Couverture du journal du 18/06/2021 Consulter le journal

Carquefood : La première halle à manger de l’agglo nantaise est ouverte

Florence Corre a ouvert le 17 mars à Carquefou une halle à manger, Carquefood, dans la zone d’activités de La Fleuriaye. Avec six corners de restauration dans un local de 767 m2. Prometteur.

Florence Corre

Florence Corre © I.J

C’est une grande tendance : ces « food hall » qui rassemblent plusieurs enseignes dans un même espace de restauration essaiment un peu partout, en France et dans le monde. Depuis le 17 mars, Carquefou a son Carquefood. Créé par Florence Corre, il dispose de cinq corners de restauration et d’un bar à vins et bières, dans un local de 767 m2, vide depuis 2018. L’espace était auparavant occupé par une cafétéria Casino. La capacité de l’espace est évaluée à 500 couverts par jour. Covid oblige, il n’est pour l’instant pas possible de s’attabler sur les grandes tables qui seront installées plus tard. Les commandes se font uniquement à emporter.

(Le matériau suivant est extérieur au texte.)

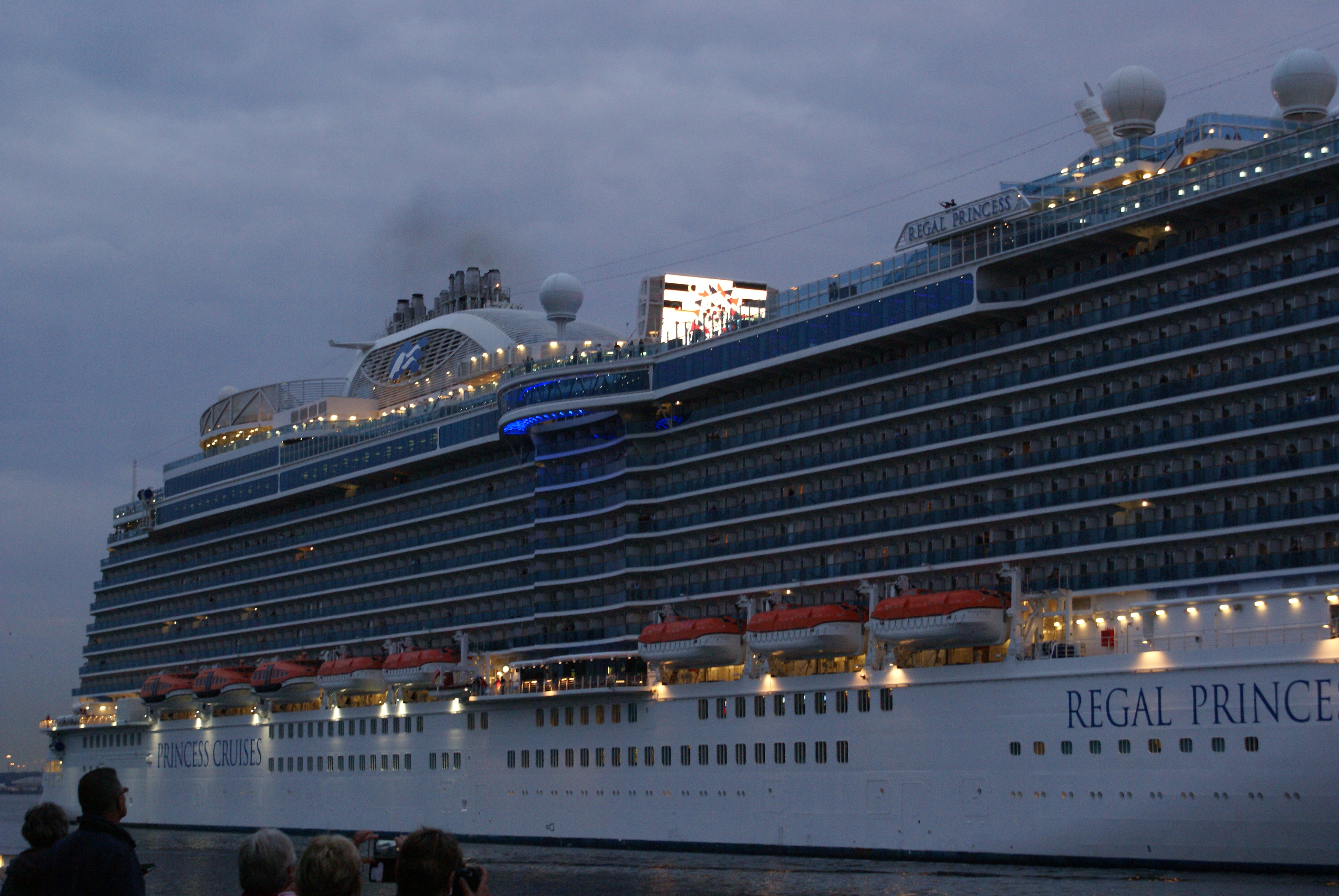 Die Viking Sea verläßt als letztes Kreuzfahrtschiff - mit 30 minütiger Verspätung - das Ostseebad Warnemünde...

La jauge est de 77 personnes à la fois, régulée grâce à un comptage avec jetons comme dans d’autres magasins. « Nous connaissons un beau succès avec 300 repas par jour en moyenne », se félicite la directrice Florence Corre.

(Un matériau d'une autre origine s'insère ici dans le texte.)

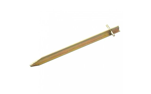 The tent securing device for stormproof tensioning. Robust and stable. To be knocked in with an iron hammer. T-profile steel 20 x 20 x 3 mm, gold-colour finish.

La cible ? Les 2 700 salariés qui – habituellement – peuplent la zone d’activités de La Fleuriaye. « Une étude de 2018 menée par le groupement interentreprises du site montrait que les salariés étaient en attente d’une offre de restauration plus diversifiée. Le projet s’adresse donc à eux dans un premier temps. Mais nous envisageons aussi d’ouvrir le soir et le week-end. » Le lieu est d’ailleurs destiné à être « un espace de vie » avec la possibilité d’y organiser des soirées privées ou professionnelles, des dégustations, des ateliers cocktails ou encore des manifestations culturelles.

Carquefood

Carquefood

DEUX EMBAUCHES PRÉVUES

Par ailleurs, il s’agit d’un projet entièrement privé. « Le plan local d’urbanisme métropolitain n’a pas dû être modifié et la mairie n’est pas intervenue. Les fonds utilisés sont privés également », indique Florence Corre. Celle-ci a été pendant douze ans directrice générale des services périscolaires de Nantes. Dans son projet de reconversion, elle pensait au départ ouvrir un restaurant classique, avec un espace de 50 m2. Mais après avoir visité l’endroit, elle a « un coup de cœur » et se lance pour un projet plus grand et un peu différent. Florence Corre a constitué une SASU et est directrice d’exploitation du site. Elle s’occupe de l’intendance de la salle. Une autre personne collabore avec elle mais elle souhaiterait, à terme, en embaucher deux autres. Les restaurateurs sont indépendants et ont signé des contrats de sous-location et de prestation. Les entreprises nantaises Volumes Carrés (maîtrise d’ouvrage) et Before After Home (décoration intérieure) ont été choisies pour la rénovation du lieu. Reste à aménager l’espace de coworking ainsi qu’un coin salon.

LES ENSEIGNES PRÉSENTES

Carquefood compte cinq corners de restauration. Fow et sa cuisine du monde, Midimidi avec des salades déclinées aussi en foccacias, la cantine végétarienne et épicerie Smäag, les burgers de Tonton Burger et les pizzas artisanales de Ze Pizza. Au centre de l’espace, un grand bar à vins et bières, Forty Eight. Florence Corre a reçu d’autres candidatures mais ne prendra pas d’autres restaurateurs.

 

FOOD HALL DE NANTES : TROIS ANS DE RETARD

Un food hall de 1 000 m2 doit aussi voir le jour sur l’Île de Nantes, dans un large projet de rénovation des halles à côté de l’école des Beaux-Arts. Prévu au départ pour être livré au second semestre 2020, le projet accuse un grand retard « lié à la crise du Covid qui a mis à l’arrêt le chantier pendant six mois, à cause du retard sur l’opération voisine Creative Factory qui occupait le site pour sa base vie jusqu’en septembre 2020 ; ce retard était lui-même lié à plusieurs facteurs en raison d’un dépôt de bilan d’une entreprise, puis d’un contentieux avec une autre qui a nécessité l’arrêt du chantier », explique la Samoa, qui a sélectionné le groupe Chessé pour la maîtrise d’ouvrage du projet. Le calendrier de livraison est aujourd’hui décalé au deuxième semestre 2023.